The operations that make an object tidy vary per object class, and can be found in the object’s documentation (here ?tidy_lab.nanodrop
).
Objects are useful as they form a semi-stable language for other functions from this and other packages to operate on.

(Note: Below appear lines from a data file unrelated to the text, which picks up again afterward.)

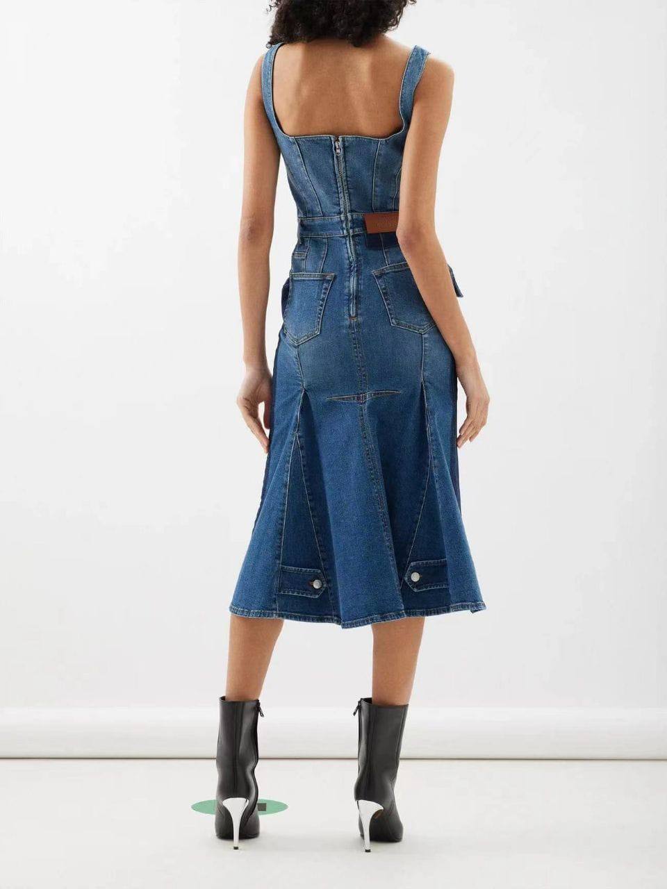 Сарафан Alexander McQueen LUX-105672 — это стильное воплощение современной элегантности. Джинсовый сарафан с лифом-бюстье, широкими лямками и высокой талией, подчеркнутой поясом, дополнен классическим разрезом на юбке. Его дизайн сочетает в себе смелость и женственность, идеально подходя для создания запоминающихся образов.
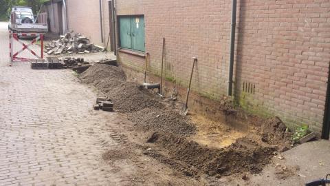 Opnieuw opbouwen van de ondergrond, ± 40cm uitgraven, 25cm gebroken puin aanbrengen en verdichten, 15cm vulzand aanbregen en verdichten, en weer bestraten met bestaande stenen.
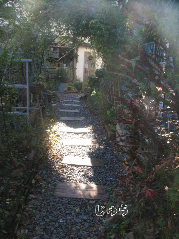 このトンネルのようなところを奥まで行ったら右にUターンすると玄関ドアがあります。
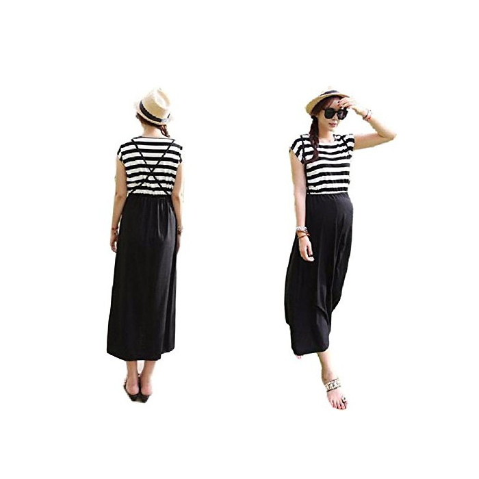 BEREAM 마타니티 원피스 마타니티 원피스 롱 길이 반소매 보더 봄과 여름
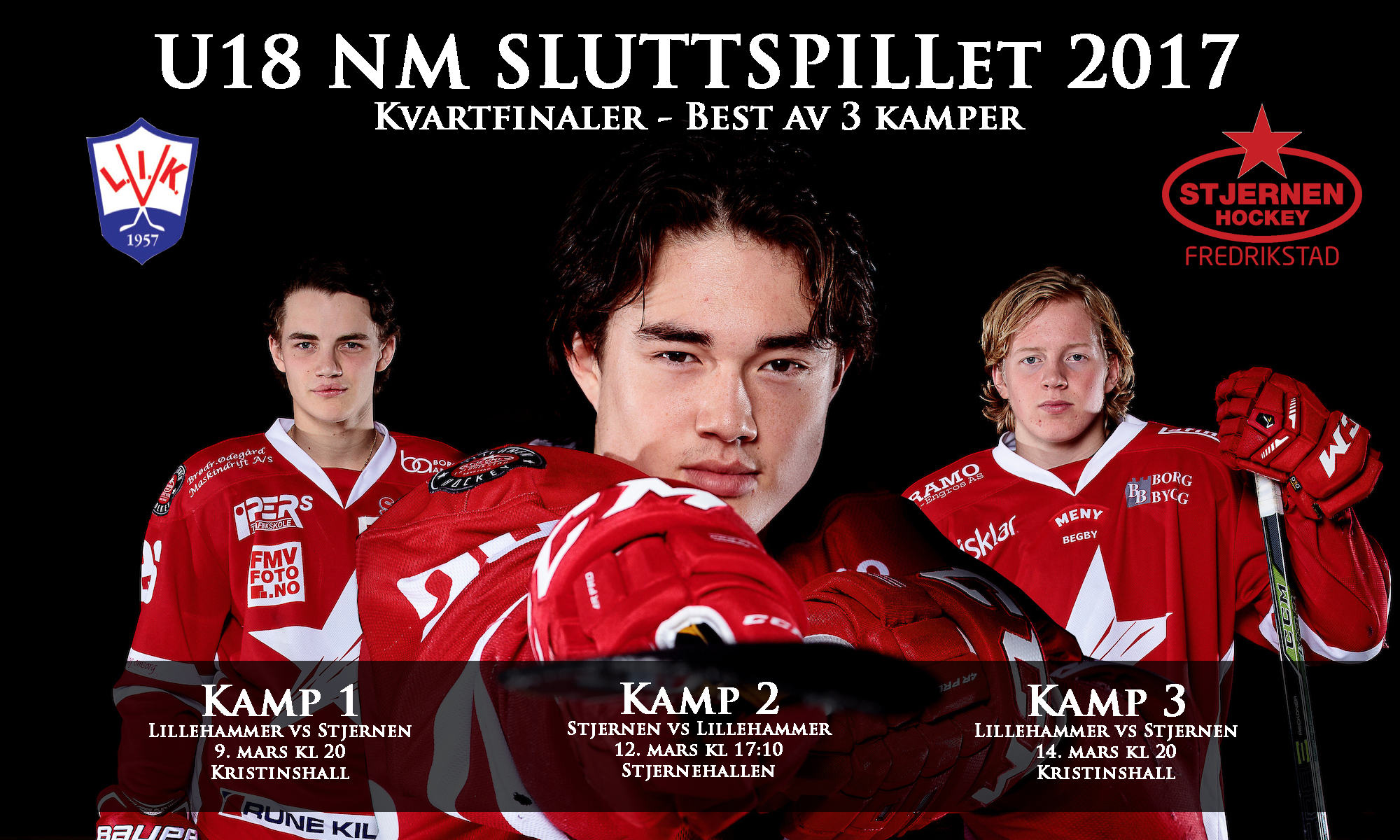 I dag starter U18 NM-sluttspill. Stjernen-gutta skal i kvartfinalen møte Lillehammer i en best-av-tre-kamper serie. Første kamp spilles på Lillehammer i dag og gutta setter seg på bussen til Lillehammer kl 14:30.
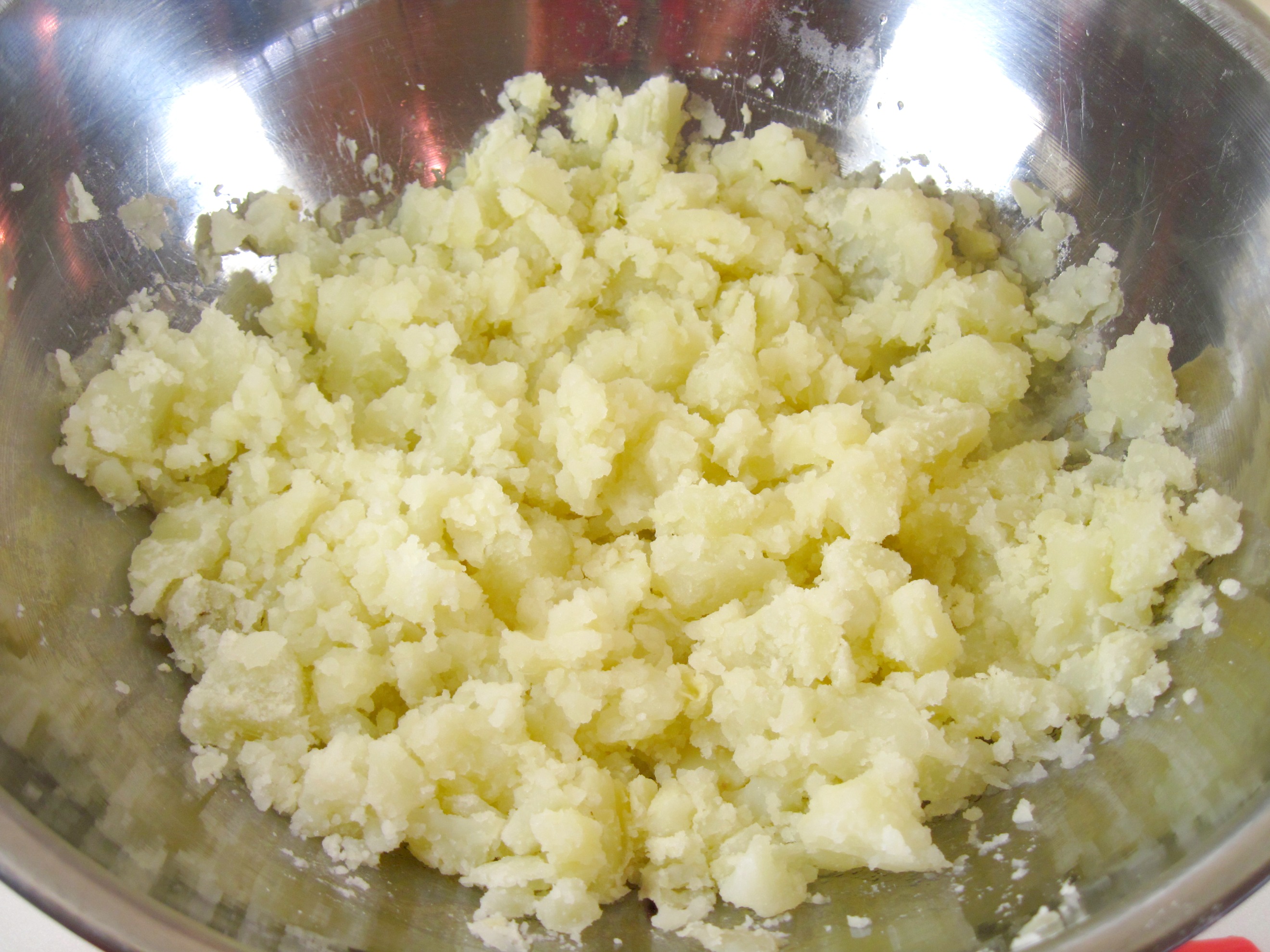 3. Drain the potatoes. Remove the skin and put the potatoes in a large bowl. Using a dinner knife, cut the potatoes in the bowl into chunks.
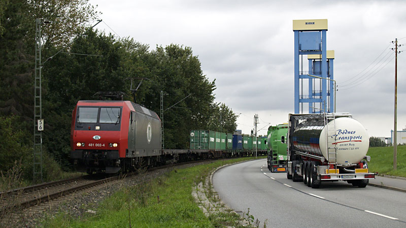 Paar Minuten später hatte die 481 002-4 der ITL die Kattwykbrücke im Hintergrund passiert und fuhr weiter nach Hamburg Waltershof. 11. September 2007 | ||
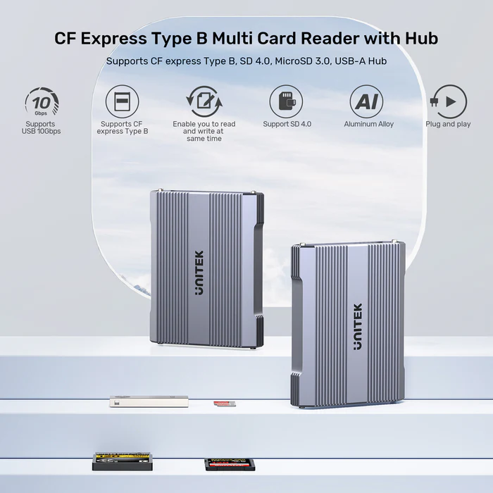 Ideal for photographers, videographers, designers and other professional users. UNITEK CF Express Type B Multi Card Reader supports a variety of latest memory cards including CF Express Type B, SD 4.0, and Micro SD 3.0 (TF).
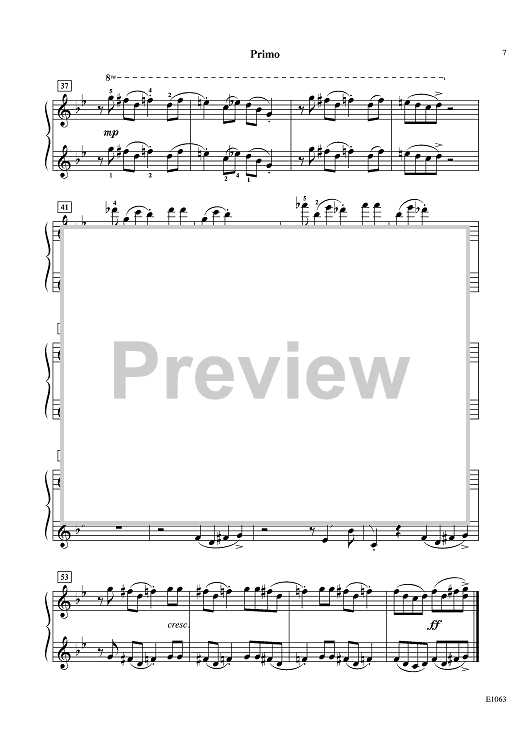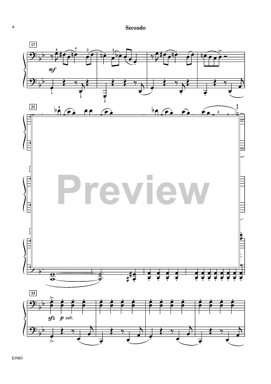 This late intermediate duet has a "rock solid" rhythmic drive with a "bluesy" feel, exciting dynamic changes, and a variety of articulations. The interplay between the primo and secondo parts makes this a super-fun piece for your next recital.
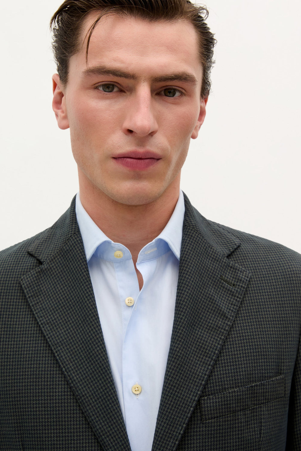 Blazer confecionado em tecido de mistura de algodão e linho. Corte Slim Fit, gola com lapelas entalhadas e casa de botão e fecho com dois botões. Manga comprida terminada em punho com três botões e bolsos à frente. Aberturas traseiras e bolsos interiores.
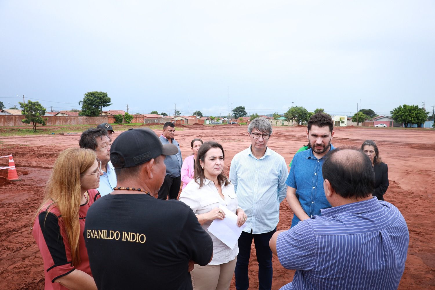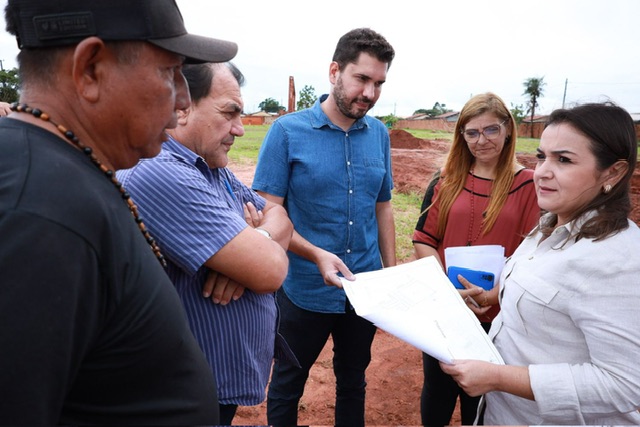 A Prefeita ressalta a escolha criteriosa do terreno, que oferece infraestrutura completa, incluindo rede de água, energia, esgoto, escolas e posto de saúde, e destaca as medidas já tomadas, como a instalação de rede de água e esgoto, com a garantia de avançar nas próximas etapas.
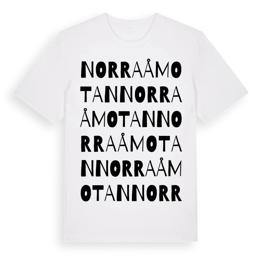 Norra Åmotan ordlek t-shirt är inspirerad av byn Norra Åmotan i Gävleborgs län, Sverige. Tröjan är designad för dig som har en speciell koppling till platsen – oavsett om du bor här, har rötterna här eller bara älskar Norra Åmotan.

However, it’s often much simpler to interact with data in a flat tibble
. This can be done using scrub
:
nano_scrub <- scrub(nano_tidy)
nano_scrub[c(1:3, (ncol(nano_scrub)-2):ncol(nano_scrub))]
#> # A tibble: 18 × 6
#> date sample_name conc exp_date nucleotide is_tidy
#> <chr> <chr> <dbl> <date> <chr> <lgl>
#> 1 2021-08-14 20:26:49 Sample 1 420. 2021-08-14 RNA TRUE
#> 2 2021-08-14 20:27:25 Sample 2 450. 2021-08-14 RNA TRUE
#> 3 2021-08-14 20:28:07 Sample 3 498. 2021-08-14 RNA TRUE
#> 4 2021-08-14 20:28:40 Sample 4 449. 2021-08-14 RNA TRUE
#> 5 2021-08-14 20:29:17 Sample 5 474. 2021-08-14 RNA TRUE
#> 6 2021-08-14 20:29:54 Sample 6 543. 2021-08-14 RNA TRUE
#> 7 2021-08-14 20:30:30 Sample 7 483. 2021-08-14 RNA TRUE
#> 8 2021-08-14 20:31:16 Sample 8 588. 2021-08-14 RNA TRUE
#> 9 2021-08-14 20:31:50 Sample 9 490. 2021-08-14 RNA TRUE
#> 10 2021-08-14 20:32:24 Sample 10 256. 2021-08-14 RNA TRUE
#> 11 2021-08-14 20:32:59 Sample 11 225. 2021-08-14 RNA TRUE
#> 12 2021-08-14 20:33:50 Sample 12 429. 2021-08-14 RNA TRUE
#> 13 2021-08-14 20:35:16 Sample 13 216. 2021-08-14 RNA TRUE
#> 14 2021-08-14 20:35:59 Sample 14 218. 2021-08-14 RNA TRUE
#> 15 2021-08-14 20:36:34 Sample 15 206. 2021-08-14 RNA TRUE
#> 16 2021-08-14 20:37:12 Sample 16 426. 2021-08-14 RNA TRUE
#> 17 2021-08-14 20:37:50 Sample 17 389. 2021-08-14 RNA TRUE
#> 18 2021-08-14 20:38:21 Sample 18 560. 2021-08-14 RNA TRUE
Note how meta-data fields have now become individual columns.